High performance teams have a set of clear values and aims which translate into behaviour. As always, the tricky part is the 'HOW'!

HOW do we translate our values into behaviour? How do we ensure that our entire organisation is on the 'same sheet of music' and will take action in support of the overriding mission.

Three ways:

  1. Customs

  2. Totems

  3. Language

Customs are unique traditions and repeated behaviours which your organisation used as a rallying point. A very strong example is the 'Haka' performed by the All Blacks rugby team. It's very unique, it unites the team, and provides a common reference point from which to go forward.

Your organisation's customs may look very different...maybe you all go to a particular coffee shop on Tuesday mornings, or maybe, like American Express, you have a regular rock concert-like event in the building's atrium after which the CEO will publicly praise individuals for outstanding behaviour.

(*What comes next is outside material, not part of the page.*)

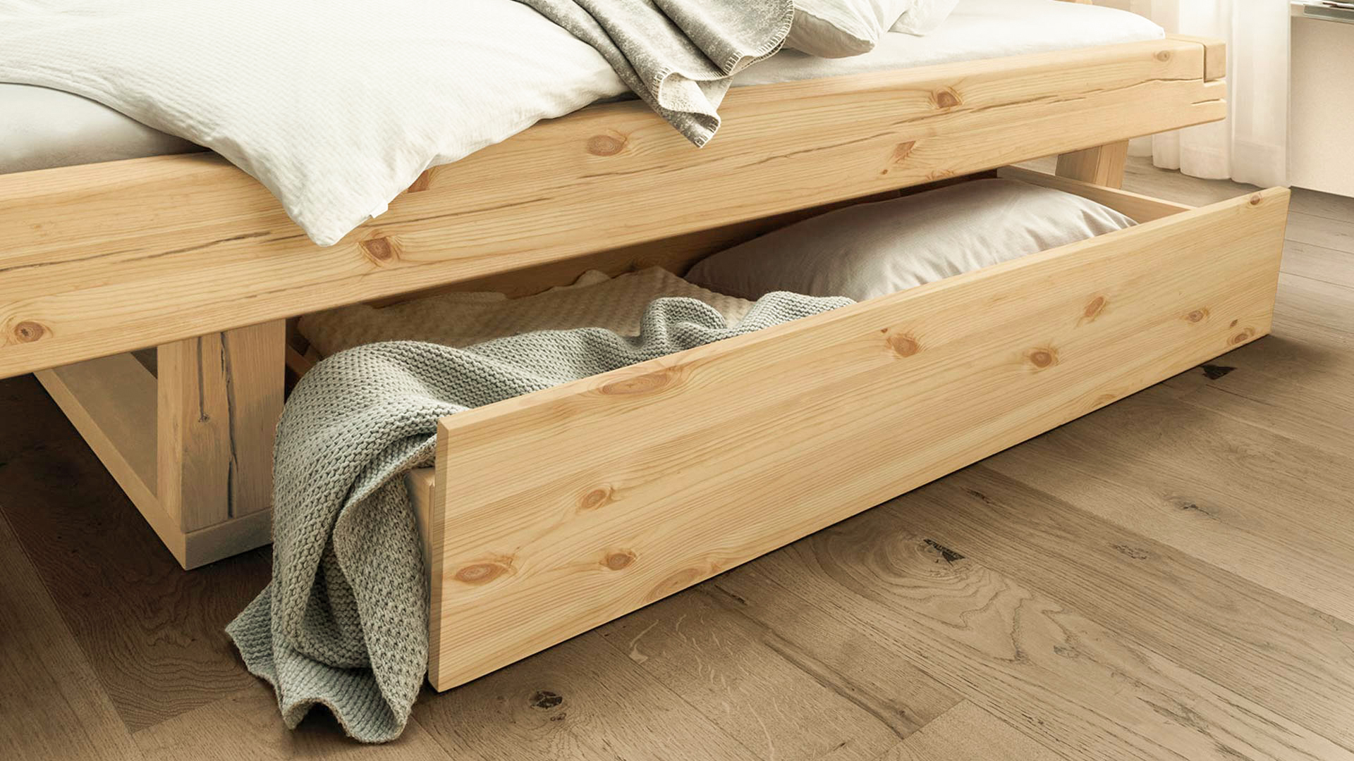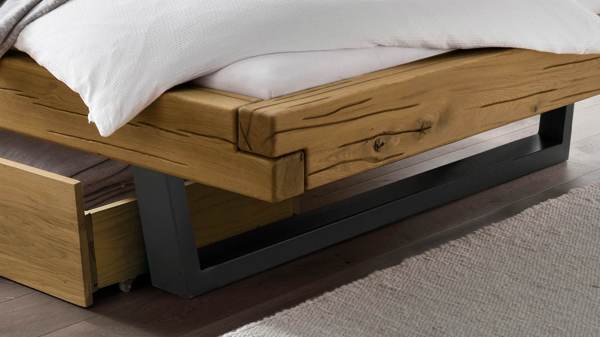 Neben seiner schönen Form überzeugt "Tegora" auch durch seine Funktionalität. Zwei großzügige Schubkästen unter dem Bett bieten viel Stauraum und lassen sich über feine Laschen aus natürlichem Hanf-Gewebe herausziehen. Das Schubkastenbett ist auch ohne Kopfteil erhältlich, wodurch es auch perfekt unter eine Dachschräge gestellt werden kann. Wählen Sie zwischen trendigen Metallkufen, natürlichen Holzkufen oder einer stilvollen Mischung aus Holz und Metall und entscheiden Sie sich für helle, leichte Fichte oder rustikale Wildeiche, je nachdem, welcher Stil besser zu Ihrem Zuhause passt.

Totems. These are physical reminders of what your organisation stands for. As a fighter pilot, we were presented with our 'Hornet patch' after completing our operational conversion. Wearers of this patch all behaved in a certain way...we were expected to have very high operational standards, we were expected to debrief every single thing we did, and we were expected to be the loudest pilots in the bar!

Totems are generally a little less common outside of the military, but be creative! Maybe there is some way you can introduce a physical reminder of what your organisation stands for. Your company may have a historical object which has particular significance, or maybe your building's architecture can be described in a way which supports your values.

Language. A very common way for high performance teams to consistently produce values-based behaviour. Some fantastic examples:

  • 'Go to the hall of mirrors' - Australian fighter squadrons (describing the humble self-analysis required after a major screw-up)

  • 'No dickheads' - All Blacks rugby team (A summary of their recruiting philosophy!)

  • 'See it, say it, fix it' - Mercedes-AMG Petronas F1 team (Actively seek out and deal with errors)

  • 'I intend to...' - USS Sante Fe nuclear submarine (A mindset of telling your boss what you are going to do, instead of asking for permission or waiting for a decision from above)

Language is particularly powerful as it's so easy to come up with phrases which support your organisational values. But...have a think how your team will react if you open your next meeting with "Hey guys and girls, I've decided to introduce a new phrase, and I'd like you to all use it as much as possible!". Yeah...I don't think so.

Any change to your team's culture has to be generated FROM the team. You can't impose Customs, Totems or need to show your team 'what's in it for them', and ensure the design and implementation is a group effort. The team must understand that the reason for implementation is to make the organisation better, not make their lives more difficult!

Translating your values into behaviour will transform your organisation.

The 'HOW'? Customs, Totems and Language.